Then come back to this notebook and try again. (You might have to restart your kernel). 

In [None]:
df = midwest
df

In [None]:
# Visualize the relationship between the percent who went to college, and the percent who got a professional degree
# With matplotlib
plt.scatter('percollege','percprof',data = df)
plt.xlabel('percollege')
plt.ylabel('percprof')
plt.show()

In [None]:
# Do the same with a plotnine ggplot
ggplot?

The rest of the plotnine documentation is [here](https://plotnine.org/reference/) (including examples). 

In [None]:
# Do the same with a plotnine ggplot
(ggplot(df, aes(x='percollege',y='percprof'))
+geom_point())

Does the relationship vary by state? Let's make each state a different color.

In [None]:
# Do this with matplotlib
df.state.unique()

In [None]:
# Separate our data
IL = df[df.state == 'IL']
IN = df[df.state == 'IN']
MI = df[df.state == 'MI']
OH = df[df.state == 'OH']
WI = df[df.state == 'WI']

In [None]:
# Create our scatter plots
plt.scatter('percollege','percprof',data = IL,label='IL')
plt.scatter('percollege','percprof',data = IN,label='IN')
plt.scatter('percollege','percprof',data = MI,label='MI')
plt.scatter('percollege','percprof',data = OH,label='OH')
plt.scatter('percollege','percprof',data = WI,label='WI')
plt.xlabel('percollege')
plt.ylabel('percprof')
plt.legend()
plt.show()

In [None]:
# do the same thing with a plotnine ggplot
(ggplot(df, aes('percollege','percprof',color = 'state'))
+geom_point())

These are all on top of eachother.

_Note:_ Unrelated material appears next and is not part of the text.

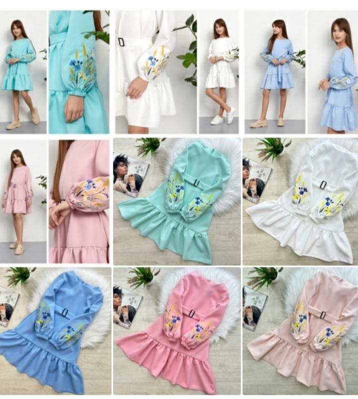 ціна 830 грн Неймовірна сукня в стилі вишиванки 💙💛 Ніжна та вишукана 🥰🥰🥰 Рукавчики вишиті в патріотичному стилі 😍 Пишна спідничка 💃🏻 Обʼємні рукава, понизу на резиночці. Є поясок 😉 Позаду сукня застібається на блискавку 👌🏻 Тканина: костюмка барбі 👍🏻 Виробник: Україна 🇺🇦 р.134-3шт р.140-3шт р.146-3шт р.152-2шт р.158-2шт ЗАМІРИ ⤵ +/- 1-2см!!! р.134-довжина від плеча 70 см/ПОГ 36 см/рукав від плечового шва 42 см р.140-довжина від плеча 72 см/ПОГ 38см/рукав від плечового шва 44 см р.146-довжина від плеча 74 см/ПОГ 40 см/рукав від плечового шва 46 см р.152-довжина від плеча 77 см/ПОГ 41 см/рукав від плечового шва 50 см р.158-довжина від плеча 80 см/ПОГ 42 см/рукав від плечового шва 53 см

Let's split up the visulazations

In [None]:
# with matplotlib
fig, ax = plt.subplots(1,5,figsize = (12,3))
ax[0].scatter('percollege','percprof',data = IL)
ax[0].set_title('IL')
ax[1].scatter('percollege','percprof',data = IN)
ax[1].set_title('IL')
ax[2].scatter('percollege','percprof',data = MI)
ax[2].set_title('IL')
ax[3].scatter('percollege','percprof',data = OH)
ax[3].set_title('IL')
ax[4].scatter('percollege','percprof',data = WI)
ax[4].set_title('IL')
ax[0].set_xlabel('percollege')
ax[0].set_ylabel('percprof')
plt.show()

In [None]:
# with a plotnine ggplot
(ggplot(df,aes('percollege','percprof',color = 'state'))
+geom_point()
+facet_wrap('state'))

In [None]:
# add statistical transformations
(ggplot(df,aes('percollege','percprof',color = 'state'))
+geom_point()
+facet_wrap('state')
+stat_smooth())

What if we wanted to visualize the number of counties in each state.

In [None]:
# with matplotlib 
counties_per_state = df.state.value_counts()
plt.bar(counties_per_state.index, counties_per_state.values)
plt.show()

In [None]:
# with ggplot
(ggplot(df,aes(x='state'))
+geom_bar())